Dans son adresse à la nation, le chef de l’État a présenté ce dialogue comme une réponse aux différentes fractures qui traversent la RDC, notamment les tensions politiques, l’insécurité, les conflits communautaires et les difficultés institutionnelles. Contrairement aux précédents processus, Félix Tshisekedi souhaite que les consultations commencent au niveau provincial afin de recueillir les préoccupations et propositions des populations avant les discussions nationales.

Les forums provinciaux devraient réunir les autorités locales, les élus, les partis politiques de la majorité et de l’opposition, la société civile, les autorités coutumières, les confessions religieuses ainsi que des représentants des secteurs économique, universitaire et professionnel. Chaque province devra établir son propre diagnostic et formuler des propositions qui seront ensuite regroupées dans une synthèse nationale.

Cette initiative intervient dans un contexte politique tendu. Les critiques se sont notamment intensifiées autour d’un projet de loi sur le référendum que certains opposants considèrent comme susceptible d’ouvrir la voie à une nouvelle candidature de Félix Tshisekedi à la présidentielle de 2028. Le président congolais entend ainsi utiliser le dialogue pour réduire les tensions et favoriser un climat politique plus apaisé.

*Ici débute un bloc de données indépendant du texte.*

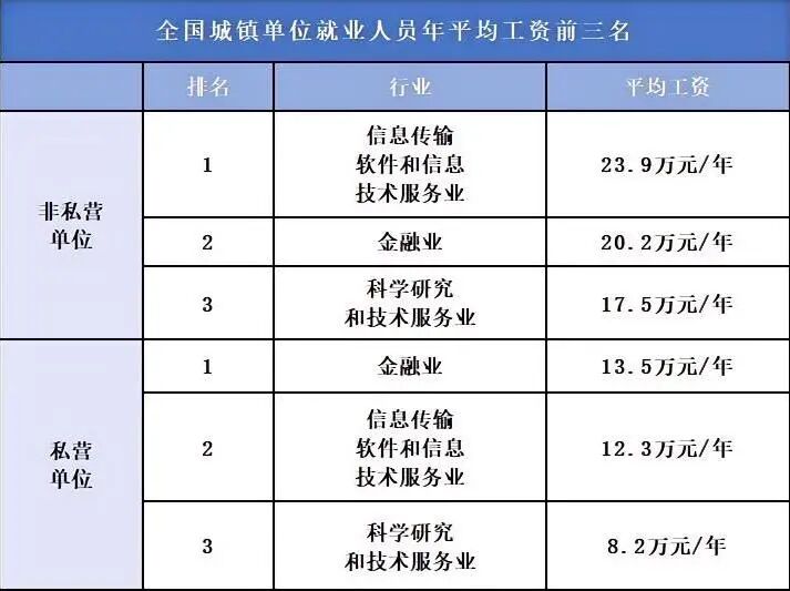 近日,国家统计局发布了《城镇单位就业人员年平均工资情况》,一组数据迅速刷屏——全国最挣钱的三个行业新鲜出炉:

Les groupes armés exclus du processus

Félix Tshisekedi a toutefois fixé des limites à la participation. Les groupes armés et les mouvements considérés comme agissant au nom d’une puissance étrangère ne pourront pas prendre part au dialogue en tant que composantes politiques. Cette position vise notamment l’AFC/M23, soutenu par le Rwanda selon Kinshasa, qui contrôle toujours plusieurs territoires dans l’est du pays.

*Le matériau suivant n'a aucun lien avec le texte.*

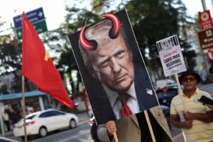 A demonstrator holds an image of US President Donald Trump with red horns during a protest against the tariffs on Brazilian products imposed by Trump, in São José dos Campos, Brazil, July... Read more »

Pour le président congolais, l’inclusivité ne doit pas permettre à ceux qui prennent les armes de transformer leurs conquêtes militaires en légitimité politique. Les crimes de guerre et les autres crimes graves ne pourront par ailleurs faire l’objet d’une amnistie générale au nom d’un compromis politique.

Le gouvernement devra désormais mettre en place un comité d’organisation. Les consultations provinciales doivent constituer la première étape du processus, avant les assises nationales à Kinshasa. Les travaux devraient déboucher sur un « Pacte national » accompagné d’une stratégie de mise en œuvre.

Reste désormais à savoir si cette initiative permettra de rapprocher réellement le pouvoir, l’opposition et les différentes composantes de la société congolaise. Le dialogue s’annonce déjà comme l’un des principaux rendez-vous politiques des prochains mois en RDC.